Существо как будто обдумывает мой вопрос. Сквозь тонкую ткань футболки Восьмого просвечивают сияющая рана. Она светится синим кобальтом, как и все его, наполненное энергией, тело. Оно ее источает.

— Да, когда-то меня звали и так, — отвечает оно и поводит рукой в сторону светящейся на стенах резьбы. — А в других местах у меня были другие имена. Теперь, на этой планете меня назовут как-то еще.

— Вы бог! — выдыхает Марина.

— Нет. Я — это просто я.

Я киваю. Бог или нет, нам нужна его помощь. Нет времени для загадок.

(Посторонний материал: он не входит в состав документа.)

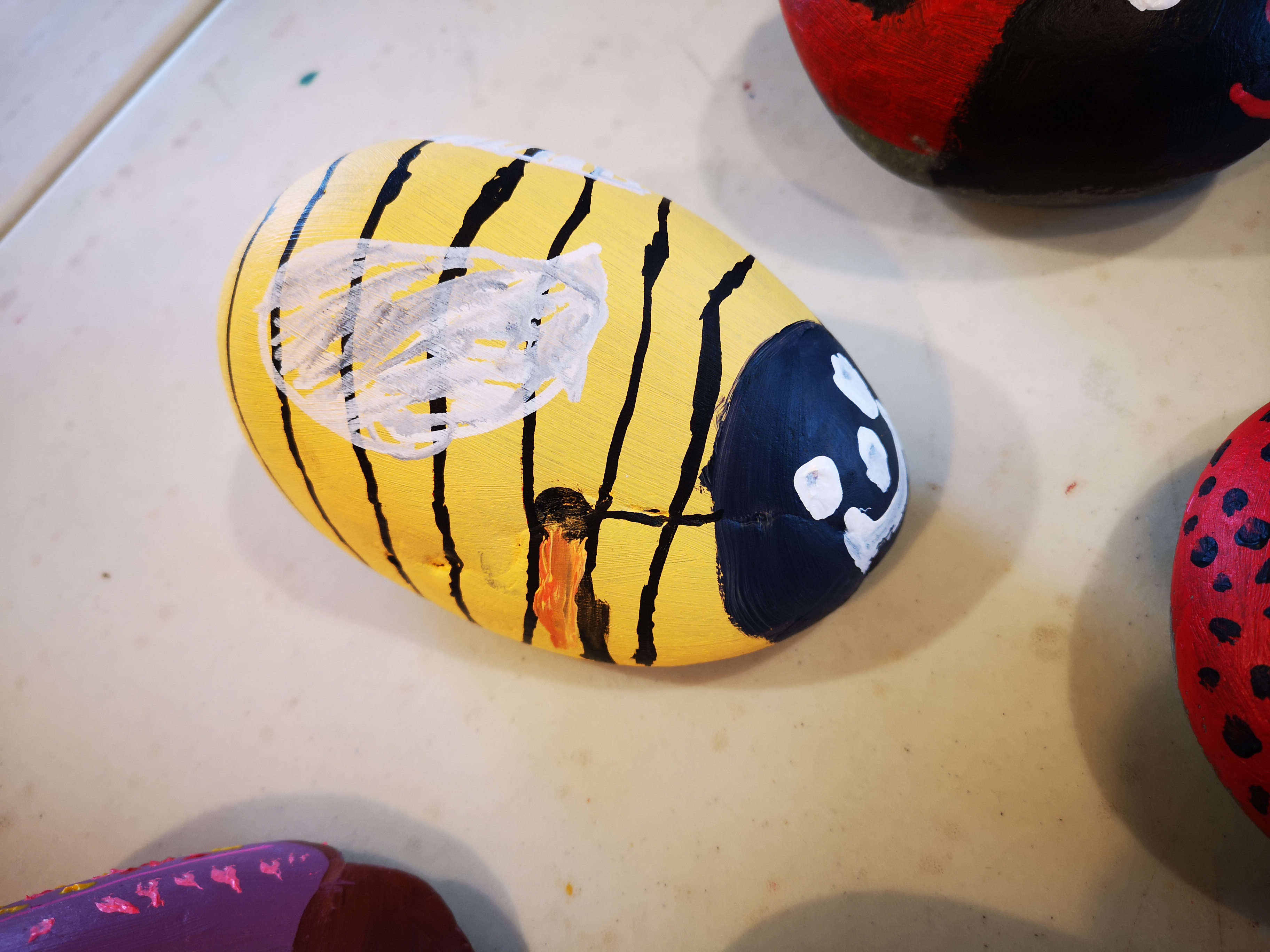 In week two we were inspired by nature and decorated rocks using a variety of painting techniques, creating colourful insects, animals and characters.

Я вдруг чувствую себя очень, очень уставшей от наскальных рисунков, пророчеств и светящихся людей.

— Вы знаете что происходит? — спрашиваю я Восьмого, то есть Лориен, или кем бы оно там ни было. — Могадорцы начали вторжение.

Глаза существа снова поворачиваются к Адаму:

— Как я погляжу — не все.

Тому похоже не по себе. Существо быстро отводит взгляд и устремляет его к потолку, словно сверкающие глаза могут видеть сквозь храм и за его пределы. Будто оно может видеть все.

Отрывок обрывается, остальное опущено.